ASSIGNMENT:
Starting at the first line of the entries, extract each line up to and including the one that contains "2024年03月03日(日) ☆ ひなまつり", but leave out the pictures.

Dataset items:
[Start of section]

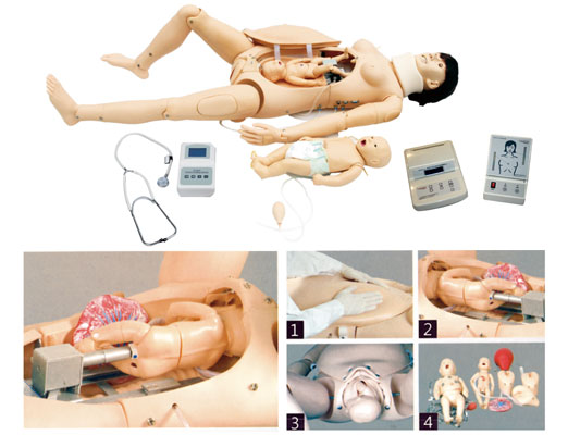 高級分娩與母子急救模型 該綜合教學模型很好的結合了護理模型和產(chǎn)科分娩模型,可進行產(chǎn)前檢查,演示整個分娩過程(包括產(chǎn)前、產(chǎn)時和產(chǎn)后)以及母嬰的護理和急救。
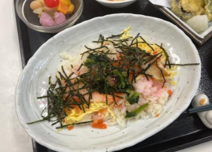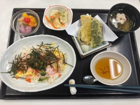 2024年03月03日(日) ☆ ひなまつり ☆ 今日は3月3日 桃の節句ですね というわけで ちょっと豪華な 「ひなまつり御膳」で 施設でもお祝いです いくらとえび、あなごののった 海鮮ちらし寿司 ピーマン、なす、 かぼちゃの天ぷら、 カリフラワーの酢味噌あえ、 すまし汁 ちいさな桜餅とフルーツつきです 程よい量で、 入居者の皆様も 完食されていました 桜餅に喜ばれる方が 多かったです
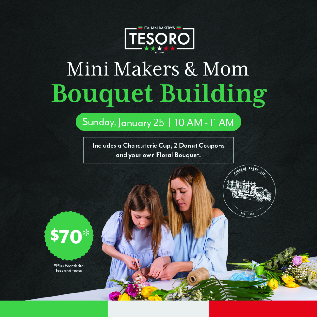 Join us at Tesoro on Sunday, January 25, from 10–11 AM for a morning of floral fun with Forcade Farms! This hands-on workshop is designed for moms and their “mini makers” to bond while building a beautiful bouquet together. All materials are provided, and each ticket covers one shared arrangement between parent and child—perfect for creating lasting memories and a stunning seasonal centerpiece.
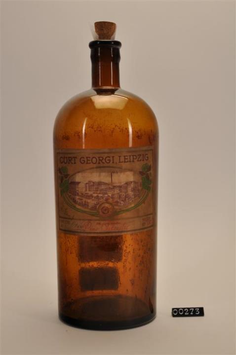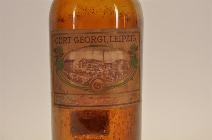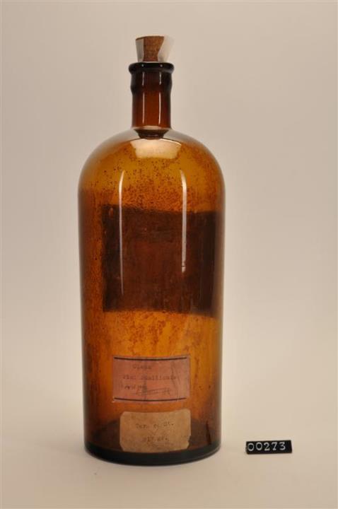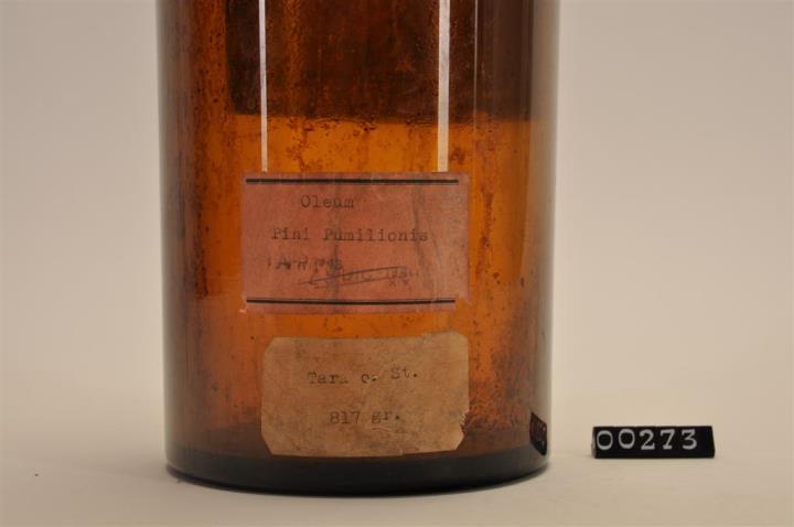 Runde Enghalsflasche mit Korkstopfen, verdickter Mündungsrand. Etikettiert. Braunes Glas. Rückseite rotes maschinenbeschriebenes Schild mit Oleum Pumilionis - Latschenkiefernöl.
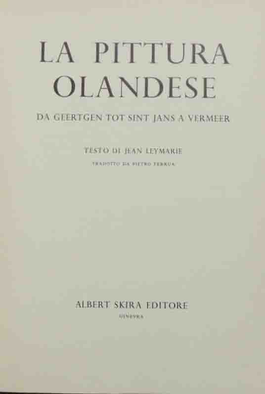 La pittura olandese. Da Geertgen Tot Sint Jans a Vermeer, testo di Jean Leymarie, tradotto da Pietro Ferrua, Albert Skira Editore, Ginevra 1961, pp. 217, ill. b.n. e col. con illustrazioni in carta applicate sia nel testo che a tutta pagina, cm 35, legatura in similpelle ed. con titoli in oro al dorso e sovraccoperta. Collana Pittura colore storia. Leggere tracce d’uso alla sovraccoperta, con un piccolo strappetto e due piccolissime mancanze al dorso, minima ingiallitura della carta, per il resto buona copia.

[End of section]

WRITTEN SOLUTION:
 高級分娩與母子急救模型 該綜合教學模型很好的結合了護理模型和產(chǎn)科分娩模型,可進行產(chǎn)前檢查,演示整個分娩過程(包括產(chǎn)前、產(chǎn)時和產(chǎn)后)以及母嬰的護理和急救。
 2024年03月03日(日) ☆ ひなまつり ☆ 今日は3月3日 桃の節句ですね というわけで ちょっと豪華な 「ひなまつり御膳」で 施設でもお祝いです いくらとえび、あなごののった 海鮮ちらし寿司 ピーマン、なす、 かぼちゃの天ぷら、 カリフラワーの酢味噌あえ、 すまし汁 ちいさな桜餅とフルーツつきです 程よい量で、 入居者の皆様も 完食されていました 桜餅に喜ばれる方が 多かったです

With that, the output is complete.